I've been having a lot of fun in the kitchen lately.
It all starts at the grocery store. I am slowly improving as a thrifty shopper. Last week I used a calculator and the cashier couldn't get over how little my groceries cost and how much produce I bought.
But I guess I should also mention that I bought kidney beans instead of black beans. To add insult to injury, I confused them not once but twice at home. I learned that when life hands you kidney beans, you make pasta e fagioli (and salad, and burritos...)
Tonight I hit the jackpot in the produce section.
Apples, oranges, grapefruits and bosc pears were all on sale. I found lots of good deals, bought the store brand, resisted the cute displays and behaved until I saw this.

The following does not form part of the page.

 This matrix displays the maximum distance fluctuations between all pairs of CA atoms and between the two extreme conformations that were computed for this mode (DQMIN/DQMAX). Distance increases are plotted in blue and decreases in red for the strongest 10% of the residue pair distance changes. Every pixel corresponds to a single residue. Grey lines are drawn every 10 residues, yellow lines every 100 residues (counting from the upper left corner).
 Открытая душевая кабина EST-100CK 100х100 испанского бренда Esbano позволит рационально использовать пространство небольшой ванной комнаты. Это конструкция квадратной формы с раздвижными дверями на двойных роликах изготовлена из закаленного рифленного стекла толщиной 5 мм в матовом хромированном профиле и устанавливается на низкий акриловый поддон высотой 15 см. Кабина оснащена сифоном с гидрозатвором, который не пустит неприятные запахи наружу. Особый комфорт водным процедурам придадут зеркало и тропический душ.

I like to think that the Bonne Maman is a dumpling of a french woman who makes every batch on an old fashioned stove. I couldn't bear to pick up the sad looking off-brand raspberry jam. Score one for the Bonne Maman marketing team, you won me over. I came home armed with my cute preserves and got started on dinner.

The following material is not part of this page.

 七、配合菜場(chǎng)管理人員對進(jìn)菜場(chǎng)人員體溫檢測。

Before I was married, I was a sporadic chef. Sometimes I would get really into a new recipe or try my hand at fondant. There was also a week when I ate nothing but spaghetti-o's. Any cooking I did was from a recipe. I was especially particular to recipes with lots of photos so I could check my work.
My husband, on the other hand, cooks off the cuff. His specialty is making delicious Sunday brunches out of a seemingly empty fridge. His skill for improvisation is slowly rubbing off.
Last week I made a split pea and vegetable curry soup. I wanted a yummy side so I tried making biscuits. Ok, I know that sounds more like culture clash than creative fusion cuisine, but the combination was not bad. I was surprised to find that I had all the ingredients for a basic biscuit in my cupboards and the whole project only took twenty minutes.
On Saturday I made spicy mac and cheese for lunch. The key to the recipe was a simple cream sauce. It was so yummy, I began to think of other uses for the cream sauce.
Tonight I combined the two new finds and made chicken pot pie with a biscuit crust.
I shredded a rotisserie chicken, sauteed some onions, celery, and carrots, stirred in some frozen peas and corn and folded it all into a cream sauce with thyme and rosemary. These cheery yellow ramekins belonged to my grandmother and they are the perfect size for a single portion.
One on the many perks of being a newlywed is that no matter how humble dinner may be, I have pretty tableware to serve it with.
Dinner is not always like this. I default to black bean burritos more often than I should and we eat a lot of "snack dinners" (like chips and salsa or crackers and cheese.) The only constant is my total disdain for doing the dishes.